Source data.
--

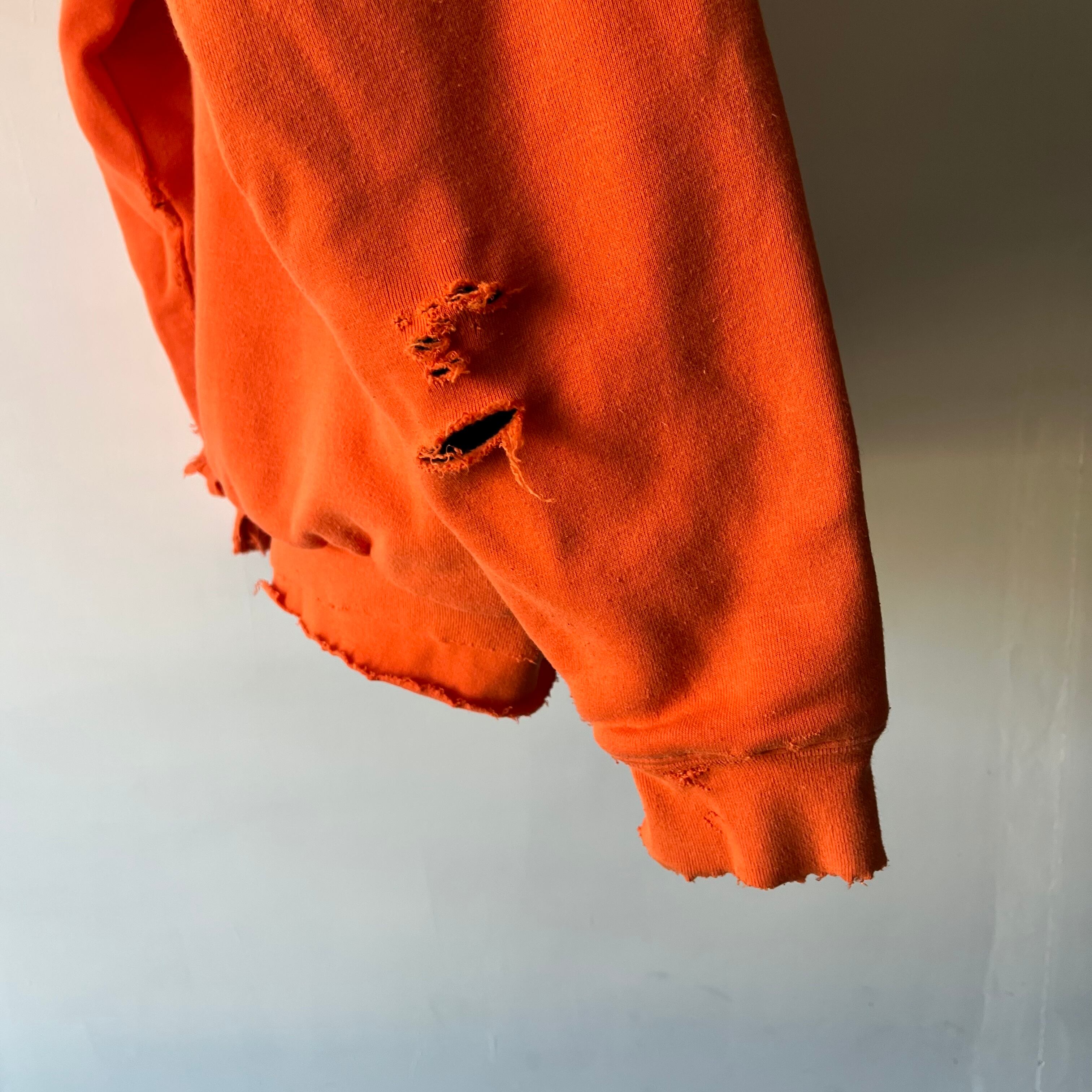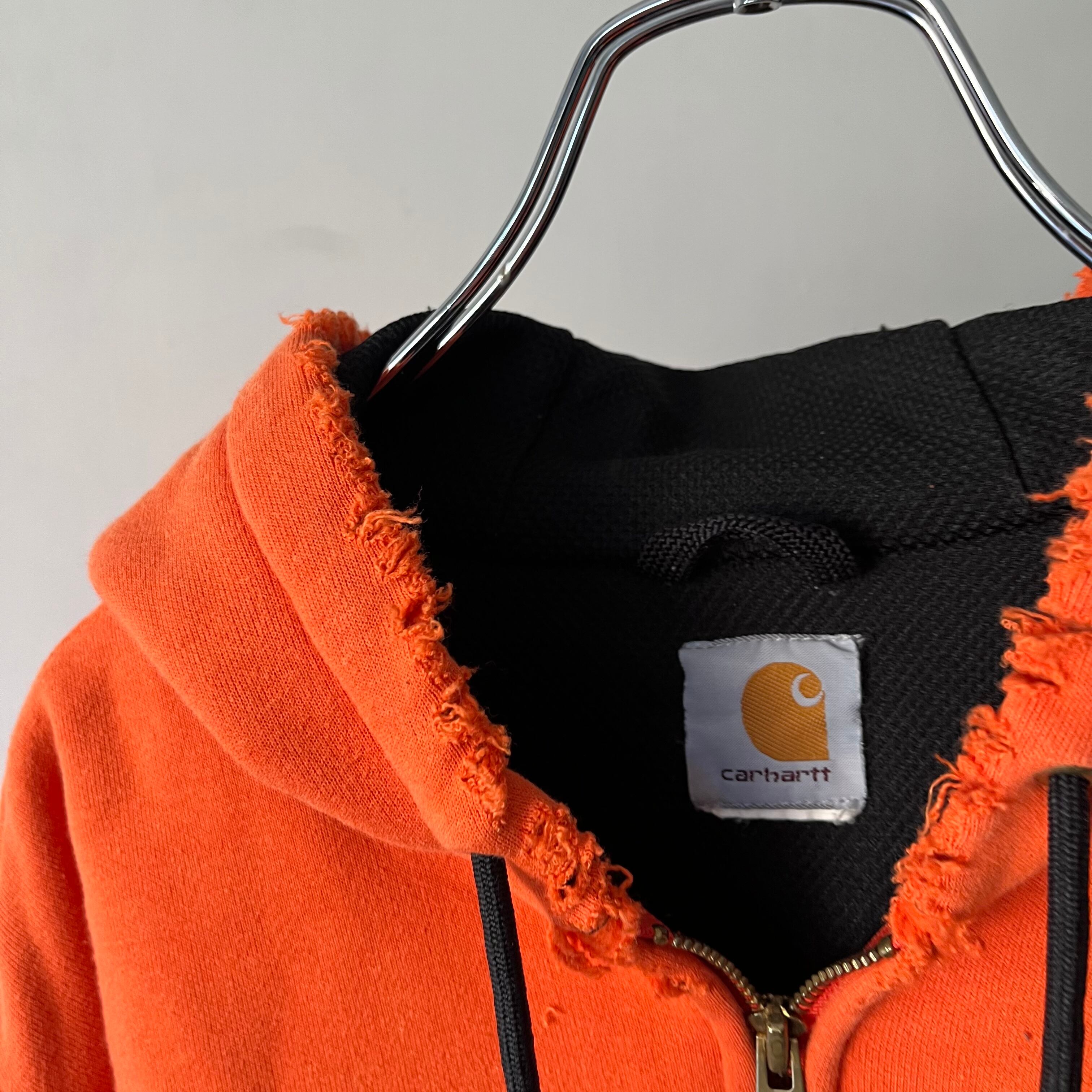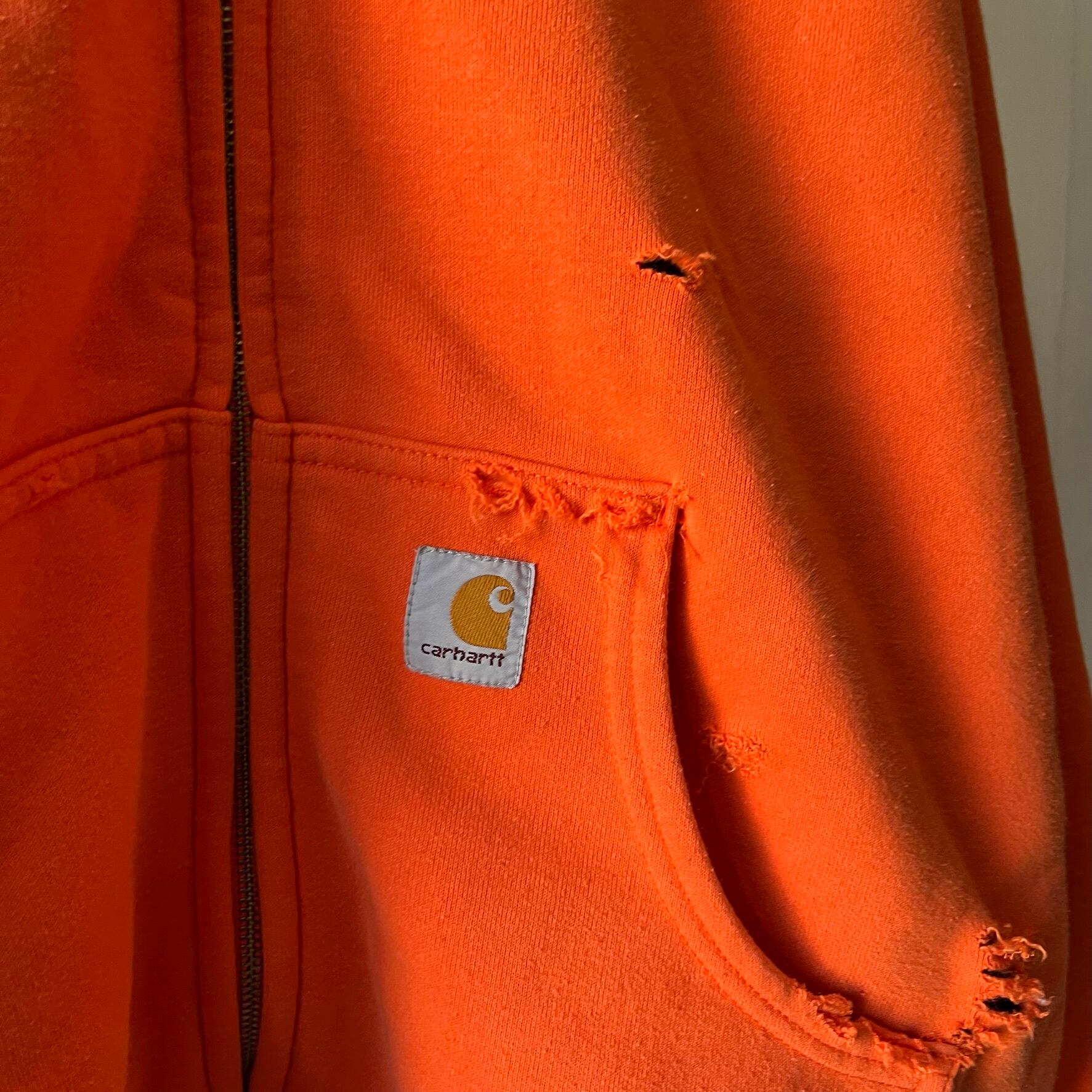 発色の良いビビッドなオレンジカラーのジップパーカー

--

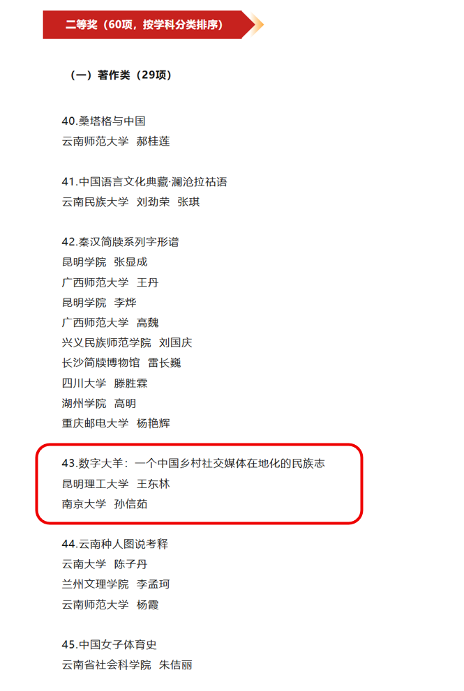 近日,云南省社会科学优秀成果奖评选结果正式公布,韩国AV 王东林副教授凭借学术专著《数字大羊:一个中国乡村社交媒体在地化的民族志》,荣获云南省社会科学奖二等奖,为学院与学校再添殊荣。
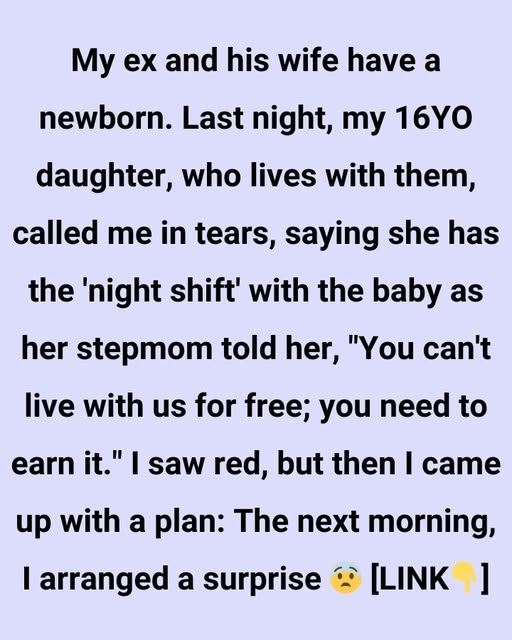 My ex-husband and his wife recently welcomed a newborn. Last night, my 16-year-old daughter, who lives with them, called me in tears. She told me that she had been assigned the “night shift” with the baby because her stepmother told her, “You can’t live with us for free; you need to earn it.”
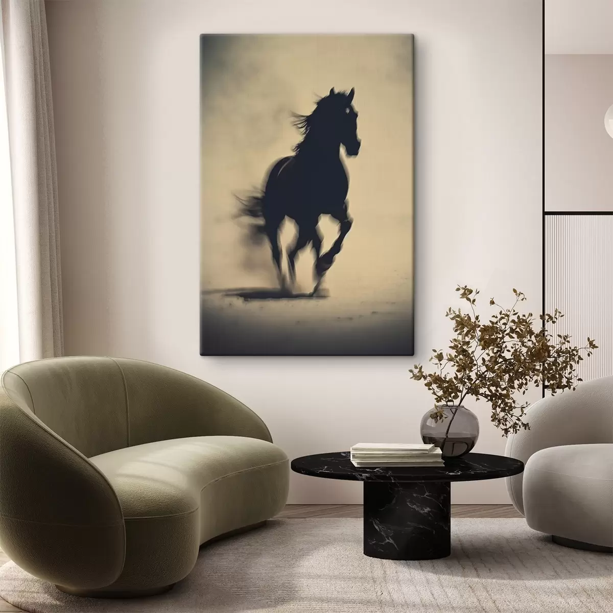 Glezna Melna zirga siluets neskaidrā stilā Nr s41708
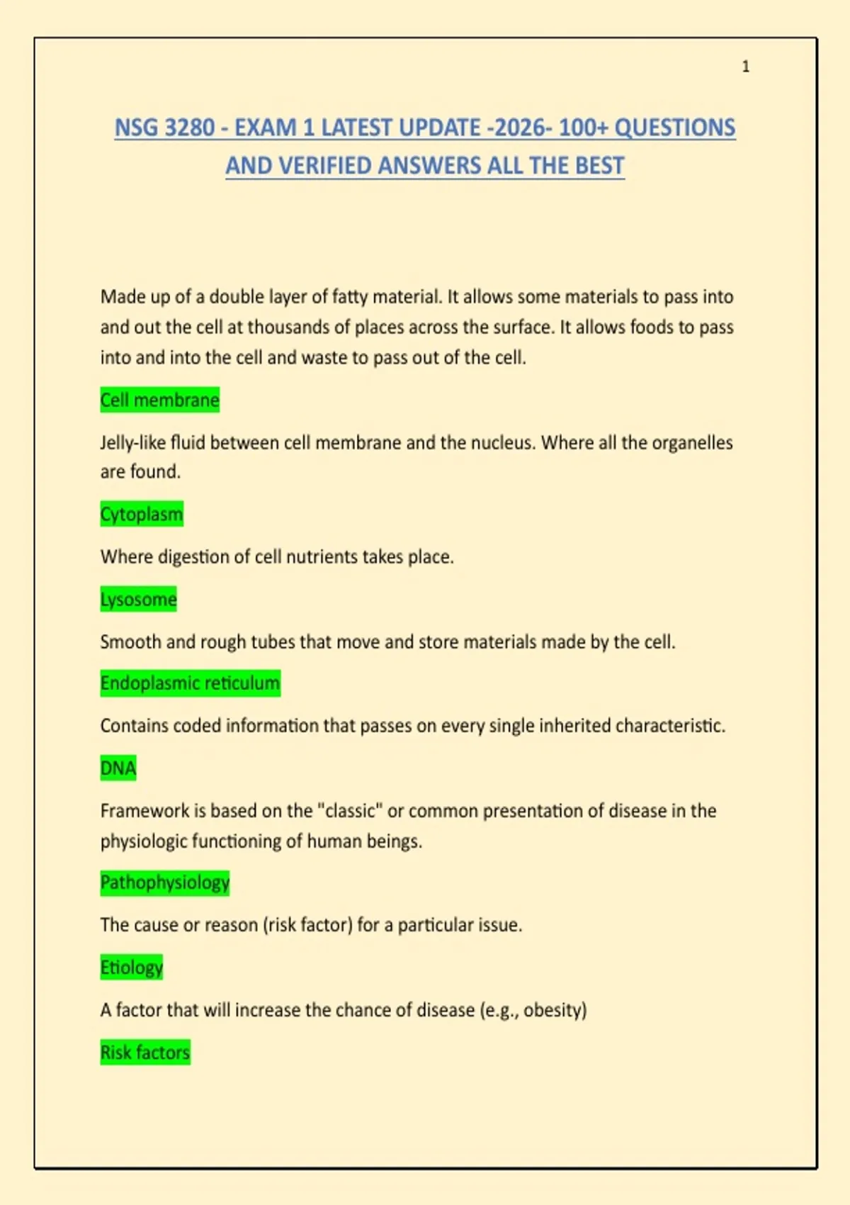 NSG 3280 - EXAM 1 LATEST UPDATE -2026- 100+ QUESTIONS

--

What this task involves. Leaving every picture aside, reproduce exactly the lines above from the one with "近日,云南省社会科学优秀成果" up to and including the one with "My ex-husband and", and no others.

Answer to this exercise.
 近日,云南省社会科学优秀成果奖评选结果正式公布,韩国AV 王东林副教授凭借学术专著《数字大羊:一个中国乡村社交媒体在地化的民族志》,荣获云南省社会科学奖二等奖,为学院与学校再添殊荣。
 My ex-husband and his wife recently welcomed a newborn. Last night, my 16-year-old daughter, who lives with them, called me in tears. She told me that she had been assigned the “night shift” with the baby because her stepmother told her, “You can’t live with us for free; you need to earn it.”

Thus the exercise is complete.